Nearly a year ago, another set of jurors deadlocked in the case against State Department Special Agent Christopher Deedy, and a judge declared a mistrial.
Judge Karen Ahn later ruled the new jury could consider a lesser charge of manslaughter - an option the previous jury didn't have. The foreman in last year's trial said jurors deadlocked with eight in favor of acquittal and four for conviction. Legal observers blamed the hung jury on the lack of a manslaughter option.
This time, the jury said the shooting wasn't murder, but they couldn't decide if Deedy was guilty of reckless manslaughter, or assault in the first or second degree.
The judge said Deedy could face a third trial on those counts, but defense attorney Thomas Otake said outside court: "We firmly believe there are legal motions we can file to dispose of those charges. ... Our position is enough is enough."
Deputy Prosecuting Attorney Janice Futa said she was disappointed with the acquittal and will recommend a third trial.
The family of Kollin Elderts, who was killed, abruptly left the courtroom after hearing the result. They criticized prosecutors last year for not asking for manslaughter, but prosecutors said the evidence didn't support a manslaughter charge.

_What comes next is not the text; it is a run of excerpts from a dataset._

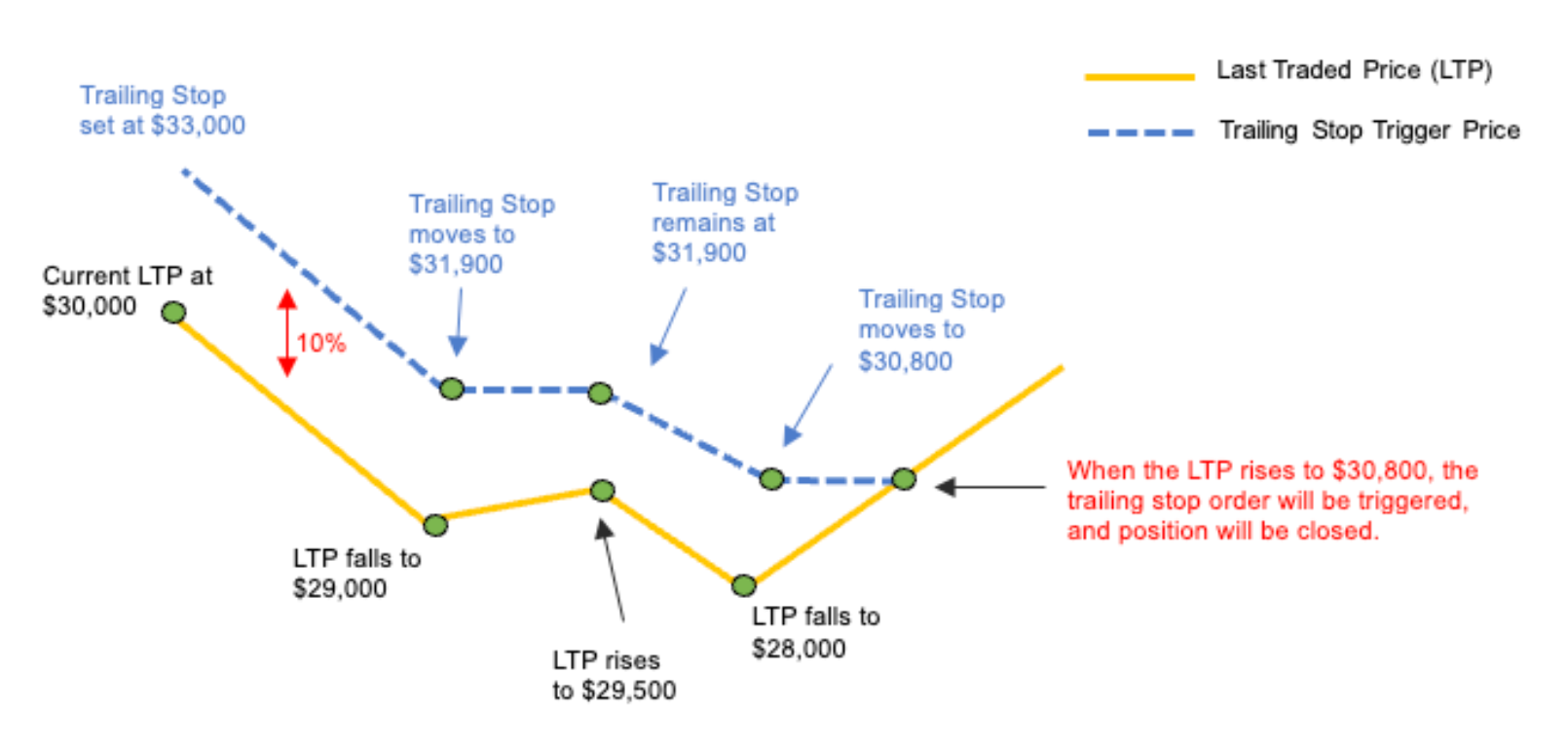 İşlem gören son fiyat 29.000 $ seviyesine düşerse Takip Eden Zarar Durdurma fiyatı, aşağı yönlü %10 oranında olacak şekilde otomatik olarak ayarlanır (düzeltme oranı ayarlaması %0,1’lik aralıklarla yapılabilir). Bu durumda, Takip Eden Zarar Durdurma emri 31.900 $ seviyesinde tetiklenir.
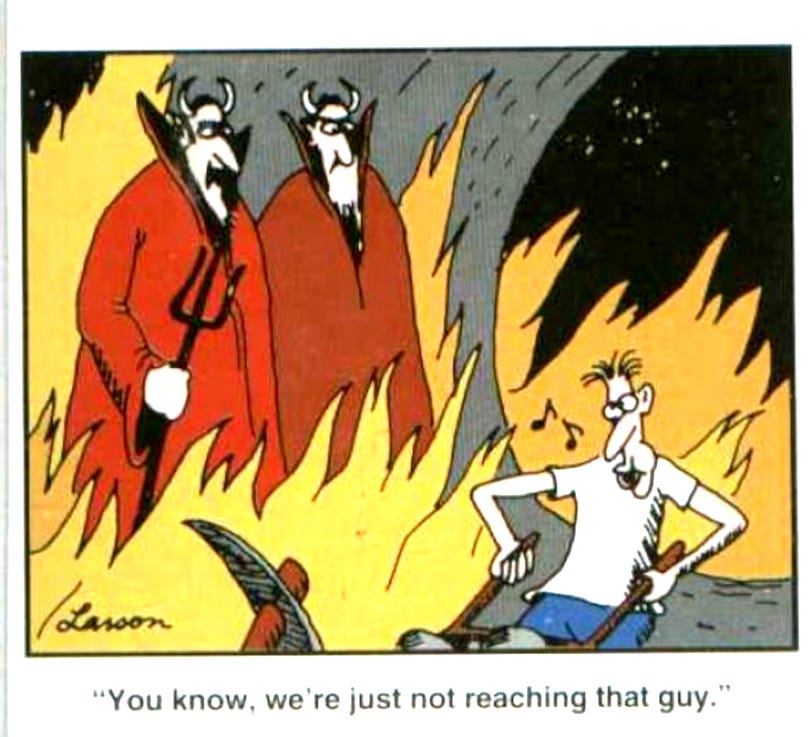 It is very possible that such could have been headed-off at any point through a Virtuous life but the environment .. Reality .. is a reflection of the increasing insanity and anti-rationality Holy Warning of what happens with the rejection of God and His Loving Laws, and accepting any crazy excuse that is handed to us so we can excuse Sin in ourselves and others, and so continue in the Spiral and now seeming Free-Fall .. this is likely the experience Every soul that rejects God and His Love, and embrace Satan and Her Love – the Burned carbon stubbed remains of fingers from the Burning Stove we repeatable forget over and over again .. yet Here We Are Again, with mutilated soul, body, mind, sexuality, retarded intellect to whatever level is needed to Pretend this is not an Torture Oven and we have so little time to turn away from Her until we Burned Again.
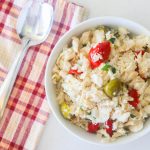 In a bowl, add cod, pour oil and garlic over, add lemon juice, peppers, olives, capers, parsley and salt and pepper to taste. Place on serving platter and serve at room temperature.
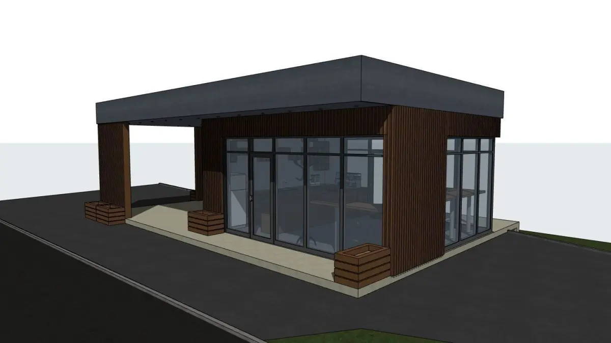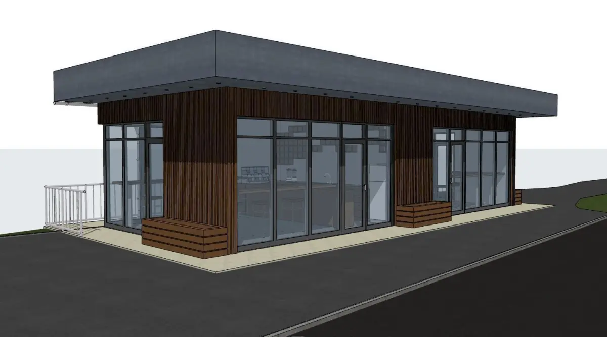 - 3D model of a bus stop with a cafe in 4 versions
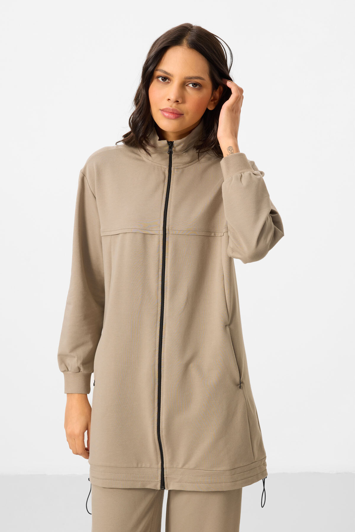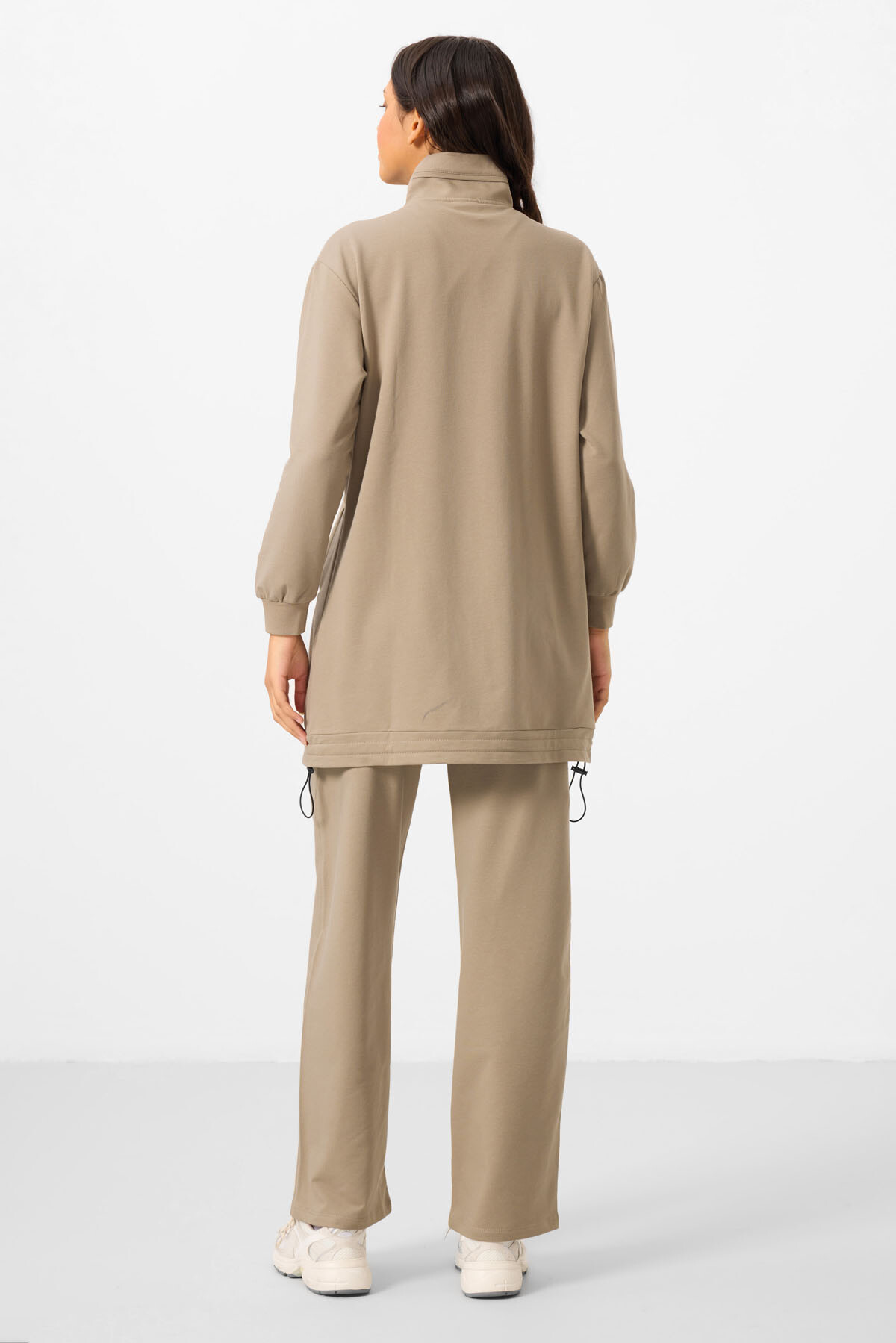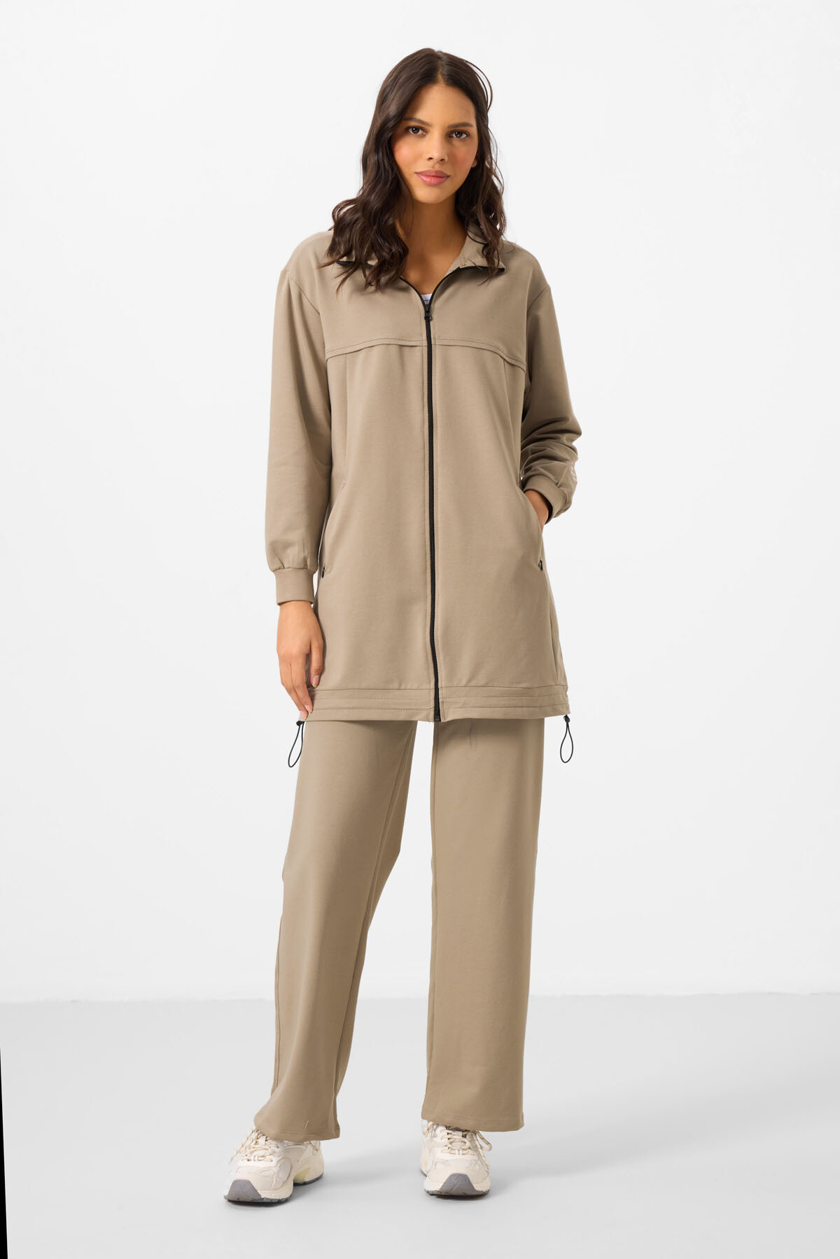 Günün her anına uyum sağlayan koyu bej eşofman takımı, minimal tasarımıyla öne çıkıyor. Yumuşak dokusu ve ferah kesimiyle konforunuzu zirveye taşırken, şehirli stilinize sade ama etkileyici bir dokunuş katıyor. Hem evde hem dışarıda stilinizden ödün vermeyin.
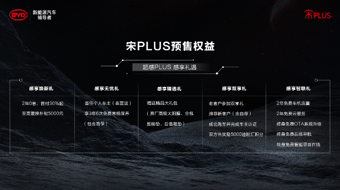 即将于九月上市的宋PLUS,是比亚迪继汉之后于今年推出的第二款重磅车型。作为一款B级SUV车型,TA填补了宋Pro(参数|询价)与唐之间的车型空白,凭借其越级品质直击中高端SUV市场。新车以充满高级感的全新设计,更具质感的越级驾乘体验,满足了消费者更加多元化的用车升级需求。而11.88万元-14.68万元的预售价格,将成为15万级SUV价值首选。即日起到比亚迪各销售服务店预订,即可享受“2年0息,首付30%起、至高置换补贴5000元”等感享五重好礼。
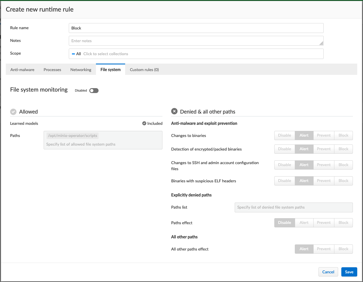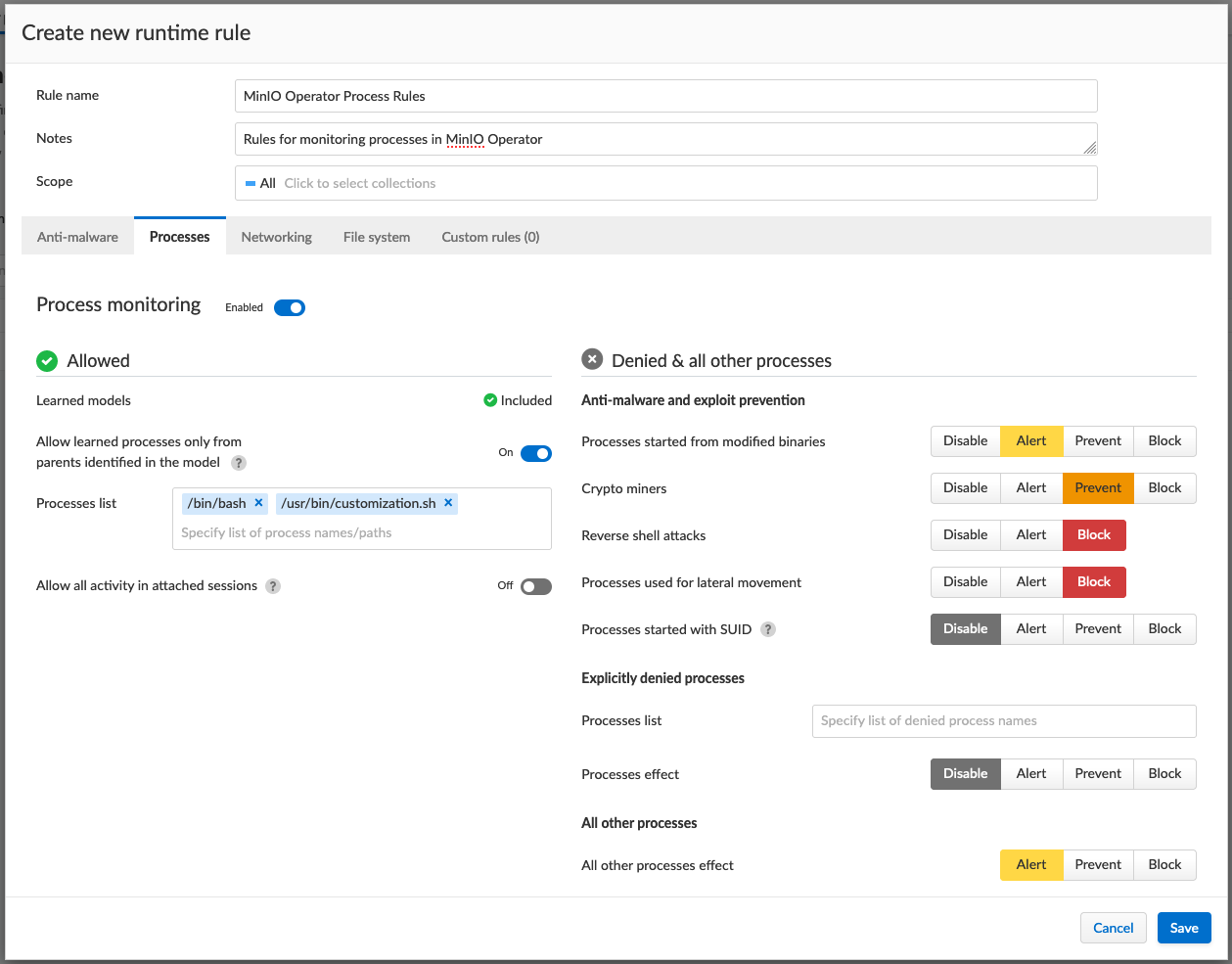 You can create custom rules which run alongside Container Models by defining Container Runtime Policies. These policies act as additional rules which take action, such as blocking or alerting, when certain behaviors are detected.
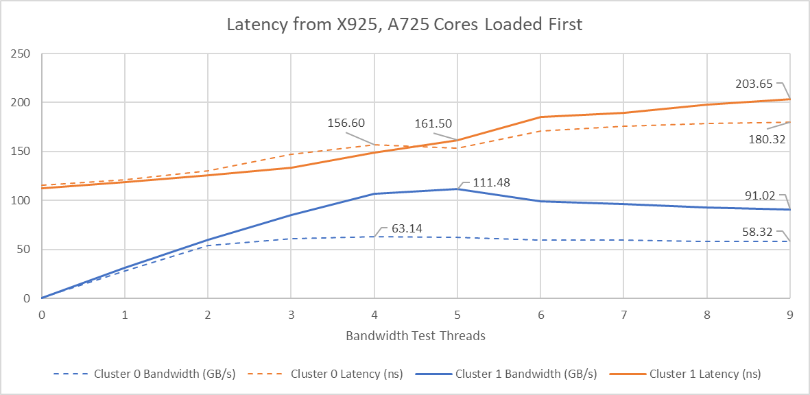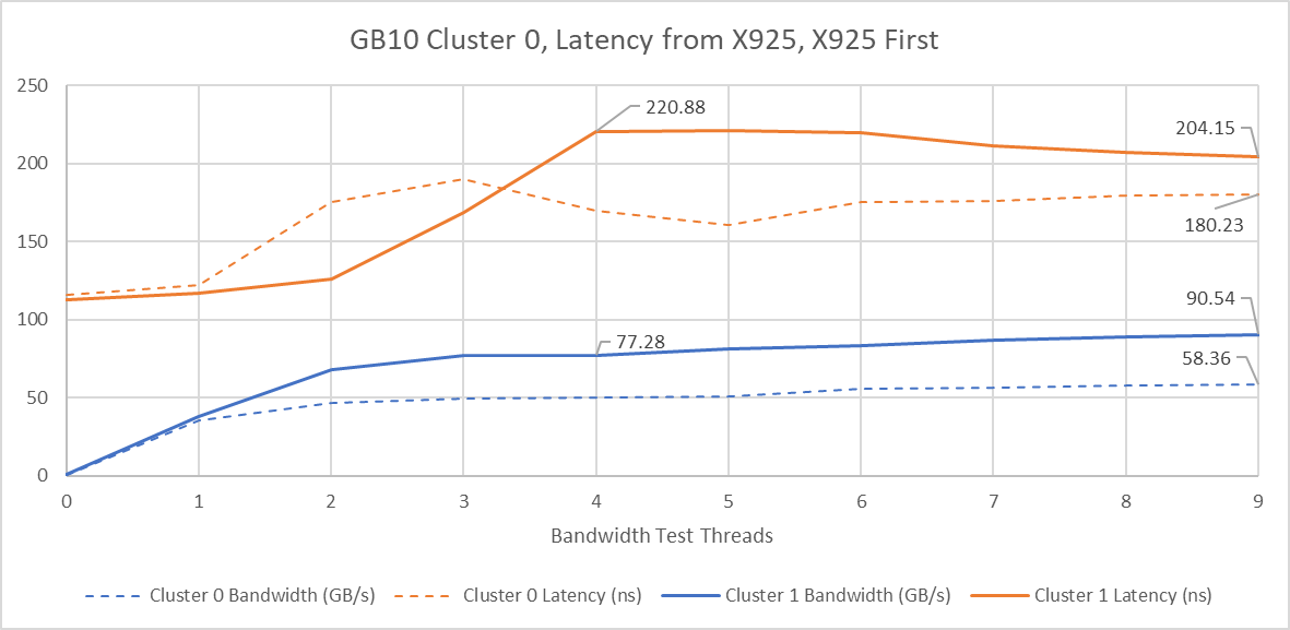 Both clusters hit their maximum bandwidth figures with all A725 generating bandwidth load. Adding bandwidth demands from X925 cores decreases aggregate bandwidth while pushing latency up. Reversing the core load order suggests the X925 cores specifically cause contention in the memory subsystem. Latency reaches a maximum with four X925 cores asking for as much bandwidth they can get. It’s almost like the X925 cores don’t know when to slow down to avoid monopolizing memory subsystem resources. When the A725 cores come into play, GB10 seems to realize what’s going on and starts to balance bandwidth demands better. Bandwidth improves, and surprisingly, latency does too.
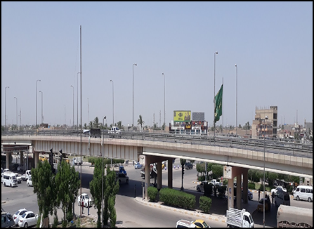In this study, Al-Thawra Bridge has been chosen to assess the structural performance because this bridge is significant due to its position in Babylon City in central Iraq. It is a composite bridge which is consists of I-steel girder span with eight precast prestressed concrete I-girders. This bridge was designed and constructed by Abdullah Owiz General Contracting Company and its construction began in 2010 as part of a strategic project aimed at alleviating traffic congestion at the entrance of Al-Hillah city and connecting Baghdad to the southern governorates. The bridge was designed with a total length of 488m and a width of 18.25 m, featuring Iraq's longest intermediate span of 56 meters. Originally planned for completion within 20 months, the bridge was successfully constructed in just 17 months due to favorable weather and dedicated engineering efforts. Originally planned for completion within 20 months, the bridge was successfully constructed in just 17 months due to favorable weather and dedicated engineering efforts. As mentioned above, it consists of nine spans. Eight of them are precast prestressed concrete I-girder section with 24 m length for each span and one of them is steel I-girder span, which has 56 m length. This study will select a steel-girder span to predict static and dynamic forces. This span has two bent supports. Each bent has three circular piers with 1.2 m diameter and 5 m height. Figure 2 shows the Al-Thawra bridge location, Figure 3 shows the Al-Thawra bridge structure, and Figure 4 shows the steel I-girder span layout and appearance.

Ahn said she included it this time in part because the state Supreme Court has since made the law clearer on the issue.
Elderts family spokeswoman Kalama Niheu said the family was devastated and prosecutors didn't do enough to get justice. Futa declined to comment on that criticism.
"Christopher Deedy is a very irresponsible, cowardly individual that took away the heartbeat of our family and forever changed us," Niheu said, reading from a statement. "Because of the poor decisions he made that tragic night, including drinking and walking our Waikiki streets with a loaded personal firearm, we can never forgive him."
Deedy, 30, took the stand at both trials. He maintained he acted in self-defense and was trying to protect others from an aggressive Elderts in the Waikiki McDonald's.
Deedy was in town to help provide security for an international economic summit but was off-duty when he shot Elderts, 23.
Much of his testimony at the latest trial was the same as last year's, but this time he was clearer about his intention to kill Elderts, in what seemed like an attempt to avoid a ruling to include reckless manslaughter as an option for jurors.
Deedy said that when he pulled the trigger three times, he intended "to stop the threat, to kill the assailant."
He was fueled by alcohol, power and a warning from a fellow agent about the hostility of Hawaii locals toward government employees and outsiders, prosecutors told the juries in both trials.
The prosecution tried to portray Deedy as drunk and inexperienced. The defense countered that Deedy had only a few drinks and was acting in line with his law-enforcement training when he intervened in a potentially dangerous situation.
Deedy, who went to the McDonald's after a night of bar-hopping with friends, said Elderts was bullying a customer.
Jurors began deliberating Aug. 5. They got some time off as Hawaii braced for Tropical Storm Iselle and Hurricane Julio.
Earlier Thursday, the jurors were brought into the courtroom, and it seemed Ahn was expecting them to say they were deadlocked and that more time wouldn't help, as she made plans with attorneys for declaring a mistrial if necessary. But the forewoman said it was possible they could reach a verdict with more time, so the judge told them to keep deliberating. They returned with their verdict a few hours later.
"Today is just a day where we're relieved. We're relieved that they acquitted him of murder and that they did not convict him of anything," Otake said. "No matter what, there's no winners in a case like this. ... The Elderts, they've lost a loved one."